Happy birthday to my big brother. Poor fella has the most depressing day of the year as his birthday. How unfair is that?
The cable heart cascade socks are finished all bar blocking and ends. I love them and I hate them at the same time. My challenge was to get them to knee highs and use up a whole ball of yarn. It did not happen. I got half way up the calf and had to rip back 4 rows, or 5 rows and at one point 11 rows. Not once did it work, the pattern became wonky or far too ambitious for my talents. Then finally I bit it and realised, I’d never ever wear them as knee highs anyway and ripped back the whole 3 to 4 inches and back to the ankle. I’ve left in the heel twist at the back and done 10 rows of ribbing and cast off. Then I hid them in the back of my knitting back to be dealt with mere moments before I want to wear them. Then it may just feel like an achievement instead of a cheats way out.
I wanted to cast on and get the love and buzz back for knitting. I set myself a few rules which completely scuppered any way of being able to fall in love again with something new. I need a hat scarf and gloves. Therefore I should knit myself some, what else would a knitter do? Then I set another rule, I want them to match. Then another rule, Save the nice yarn.. The stuff that is still in skein is almost all ear marked, too beautiful to bind up in to a cake yet, make sure its still there and saved for very special and try and use up some of the stash thats ready to knit.
I hate myself for it, I tied myself in to a position that meant I cast on for around 10 items yesterday and all of them were ripped out by the time I realised it was not quite what I want, anything from two rows on a hat brim (cast on of 120st)to 15 rows in to a scarf. Le bugger, and Le sigh, and Le arse, Le hurumph. Thats one way to go to bed not satisfied.

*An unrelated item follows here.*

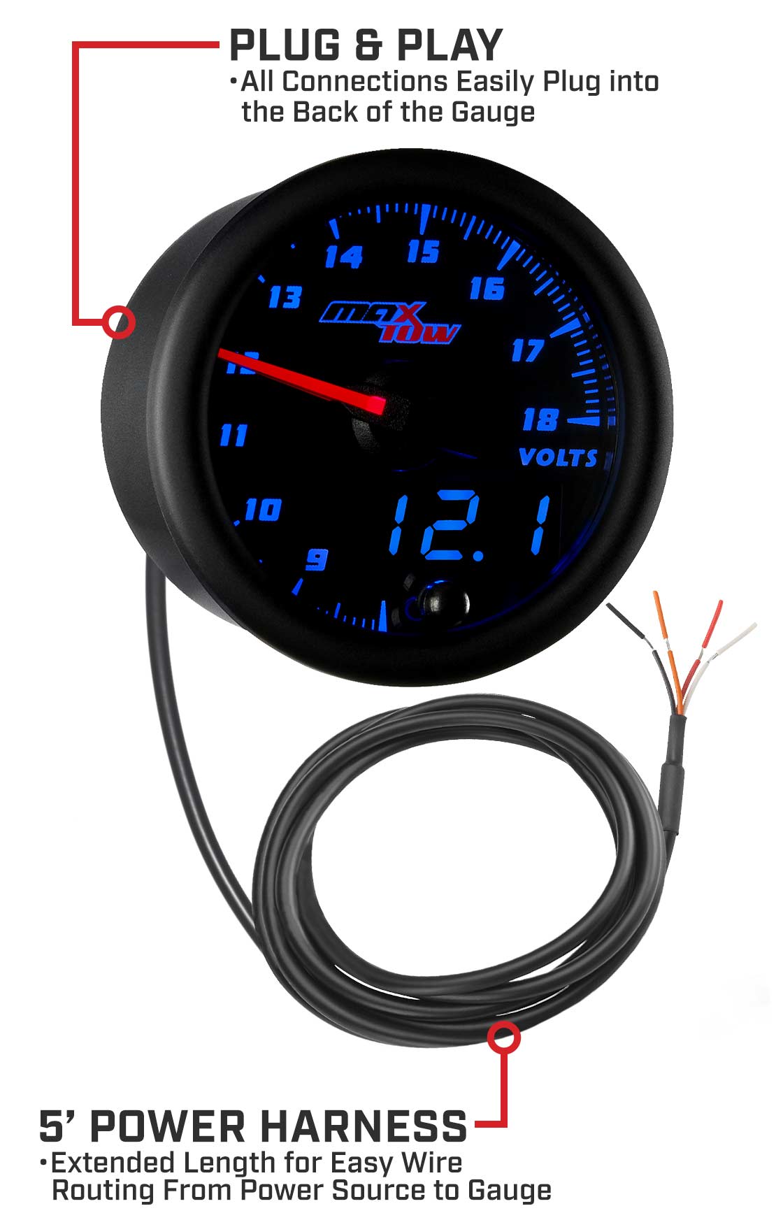 MaxTow Black & Blue Double Vision™ Truck Volt Gauges monitor your mid-size or full-size pickup’s electrical system from 8 to 18 volts. Check your truck’s battery to make sure it is providing a proper charge, or you can also detect a faulty alternator. This truck voltmeter includes a Color Coded Wiring Harness that connects this automotive volt gauge directly to the truck battery or another power source. Get ready to hit the road and Tow to the Max™

Saturday was more productive. Scotty and I met up with mum and dad at B&Q the local hardware emporium. We managed to get most of what we wanted like light bulbs including some quite stunning wall paper samples that would be just perfect scaled down to make invites.
Mum and I went to the dress maker and decided on a few things. The dress now will not start until April time. This gives me time to loose a few extra lb’s. Which amazingly without trying for the first time in my life, the lb’s seem to be hoofing out the back door without even saying good bye or waiting for me to kick them on the way out. I weighed myself this morning, I’m 4lb’s less than the last time I bragged about loosing weight on here. I do tend to weigh myself in the morning (the once in the blue moon when I do) which means its less than the rest of the day, but today I also had a towel on my head a a soppy wet mound of hair which is good for a couple of lb’s. Achievement!
Another aside, I had the most exasperating visit to John Lewis yesterday. I went to spend some vouchers, got wound up. Almost screamed and strangled several old ladies and promptly exploded and aimed it at Scotty when I left the vouchers at home. I struggle shopping with “men” as a whole at the best of times. I cant stand them wondering off and being non committal, and un-supportive and totally unaware that I was about to panic and scream and slap someone for stopping in my path AGAIN making me nearly fall over the old biddy that just cant walk in a straight line. I know it sounds a little highly strung but… yeah but, I’m nice, I’m calm in shops on my own but if I have to guide a man to help me spend shared christmas money I need his help. Not for him to stand around waiting for me to guide him through furnature, people and stuff that would not interest even me unless I needed it. That said we understand how it works, next time we split the vouchers and I’ll go and get useful stuff and send him to ogle technology.
Still, just to clear all this up, I do hate moaning especially here. I hate doing it myself and I have little time for moaners out there in the real world. Please feel free to virtual slap me in to touch via comment.